Sunday, June 24, 2012

The freedom of a public library

My current haul*
Joining the public library was, for me, a matter of financial constraints.  I really wanted to read the kind of books I cannot afford and cannot find in my university’s libraries.  So I trundled off with Zam that rainy Friday, and as I have detailed, it has been a real adventure (or a peri-urban adventure at any rate). 
But aside from the new experiences it has brought me before I even walked through its doors, the library itself has been a revelation.  For all the fun it is to browse in the university library, a book shop or on my kindle, I have to prioritise and decide to take only what is immediately relevant to what I study and do.  Every book I buy (or take out) must be strictly accounted for because every one is an investment of sorts that must give me finite returns in knowledge.  In addition, each of them has their drawbacks.

A book shop can only stock what it knows it is most likely to sell.  This means that certain popular series, new books and a limited selection of classics and older books that continue to sell well can be stocked.  A University library can only buy what it thinks will be relevant to serious study.  Sometimes that includes some popular fiction or science, but not often.  Searching for books on a kindle, like searching for information on the internet, is one of the most narrow and restrictive book-selecting devices.  When you search for a book, it will bring up that book, and a few recommendations that relate to that author, series or topic.  You cannot be distracted by something else from a different field of interest altogether as you can when wandering in a book store or library.  Anyway, I like to think I do not have generic buying habits, even within a genre, which is what you must ape if you browse books by category in Amazon. 
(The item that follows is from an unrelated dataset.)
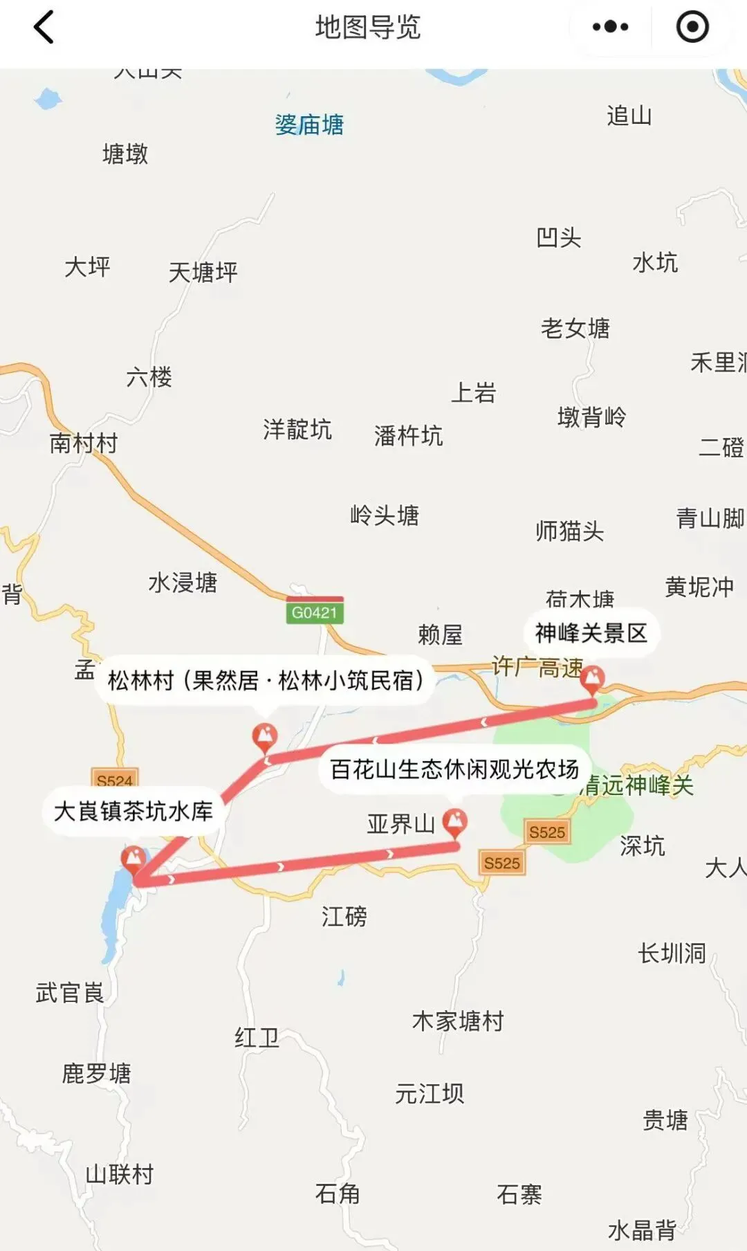神峰关景区→松林村(果然居·松林小筑民宿)→大崀镇茶坑水库→百花山生态休闲观光农场

A public library, by contrast, is the accumulation of decades of government spending and the tastes of individual librarians that have been bought to cater to the many members of the public.  I only have the books for two weeks and I can return what I don’t like, savour what I do and return them.  Being able to dabble and browse without financial or category constraints is a really liberating sensation.  I feel like I have burnt my intellectual bra.

Knowing that I am one in a long line of people who will take it out a book is another benefit of reading a library book.  I have recently read editions of books that were brought out very soon after the original publication date.  The older is Margaret Atwood’s The Handmaid’s Tale, set in a post-feminist USA where everyone lives according to someone’s twisted version of Genesis.  This fascinating and disturbing tale was published in 1985.  When I paged to the back and looked at all the old date stamps, I could not help wondering what the citizens of Pretoria made of this futuristic, puritanical state that enforces serious censorship rules when they read it during the dying, violent years of apartheid.

The other book contained Ursula Le Guin’s Earthsea trilogy.  This is what is now called a “young adult” fantasy, but it is written in such wise, philosophical prose that I don’t know if I would have been able to appreciate it fully had I read it as a teenager.  I loved it even more for that reason: she assumes that her teenage readership wants to be challenged.  The edition I had read had been rebound in hardcover from so many readings, and it had a slightly unsettling, brightly coloured picture of the wizard hero, Sparrowhawk on the cover.  The pages were yellowy-orange in colour and the texture was slightly grainy from age.  Knowing that many teenagers and older people like myself have read this book gives me more faith in the human race.  I have for years been an avid fan of Philip Pullman’s Dark Materials trilogy as it is also intelligent, wildly imaginative and thought-provoking, and I am also a recent fan of Neil Gaiman.  This trilogy is still streets ahead.  These books are also older, however, and while good books stores will still stock Neil Gaiman and the Dark Materials trilogy, they seldom stock Ursula Le Guin.  It is up to the libraries to continue the tradition.

So go forth and have an adventure at (or near) your nearest public library.  They lurk everywhere there...

*From left to right: Steven Pinker's The Stuff of Thought, Gaston LeRoux's Phantom of the Opera, Eric Schlosser's Fast Food Nation, Michael Ondaatjie's Handwriting and Jonathan Franzen's The Corrections.